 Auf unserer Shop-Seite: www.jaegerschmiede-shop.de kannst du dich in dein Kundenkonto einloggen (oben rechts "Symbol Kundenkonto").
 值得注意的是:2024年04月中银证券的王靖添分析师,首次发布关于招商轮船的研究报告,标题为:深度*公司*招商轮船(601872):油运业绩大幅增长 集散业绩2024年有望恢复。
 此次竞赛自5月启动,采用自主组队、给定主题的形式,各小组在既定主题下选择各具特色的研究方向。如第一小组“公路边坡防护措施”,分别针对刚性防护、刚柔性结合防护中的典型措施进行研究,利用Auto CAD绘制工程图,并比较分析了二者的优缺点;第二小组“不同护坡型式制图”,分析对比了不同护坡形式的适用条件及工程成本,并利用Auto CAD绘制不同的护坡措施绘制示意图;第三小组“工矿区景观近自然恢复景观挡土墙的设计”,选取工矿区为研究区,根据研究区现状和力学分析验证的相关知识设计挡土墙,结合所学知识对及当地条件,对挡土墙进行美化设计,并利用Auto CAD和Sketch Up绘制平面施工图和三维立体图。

--

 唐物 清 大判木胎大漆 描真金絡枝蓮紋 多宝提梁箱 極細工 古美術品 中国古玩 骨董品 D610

==

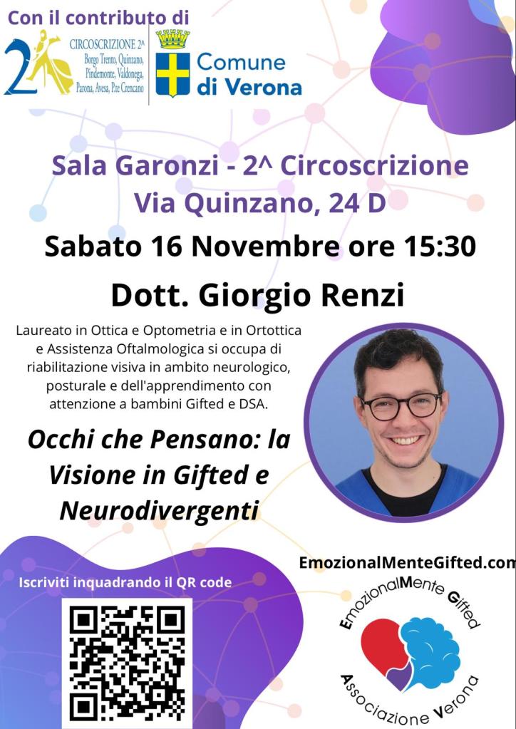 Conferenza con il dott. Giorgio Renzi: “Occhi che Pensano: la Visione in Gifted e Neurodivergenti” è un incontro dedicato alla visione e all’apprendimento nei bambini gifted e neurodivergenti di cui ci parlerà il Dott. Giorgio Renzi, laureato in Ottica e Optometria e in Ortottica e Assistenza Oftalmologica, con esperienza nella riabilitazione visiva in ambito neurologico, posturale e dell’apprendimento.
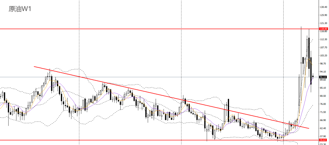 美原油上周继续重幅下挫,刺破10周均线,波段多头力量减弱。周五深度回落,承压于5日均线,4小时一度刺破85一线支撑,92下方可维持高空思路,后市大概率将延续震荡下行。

DIRECTIONS FOR THIS TASK –
In the listing above, find the line with "Auf unserer Shop-Seite: www.jaegerschmiede-shop.de" and the line with "值得注意的是:2024年04", then reproduce both and every line between them exactly.

RESPONSE TO THE EXERCISE –
 Auf unserer Shop-Seite: www.jaegerschmiede-shop.de kannst du dich in dein Kundenkonto einloggen (oben rechts "Symbol Kundenkonto").
 值得注意的是:2024年04月中银证券的王靖添分析师,首次发布关于招商轮船的研究报告,标题为:深度*公司*招商轮船(601872):油运业绩大幅增长 集散业绩2024年有望恢复。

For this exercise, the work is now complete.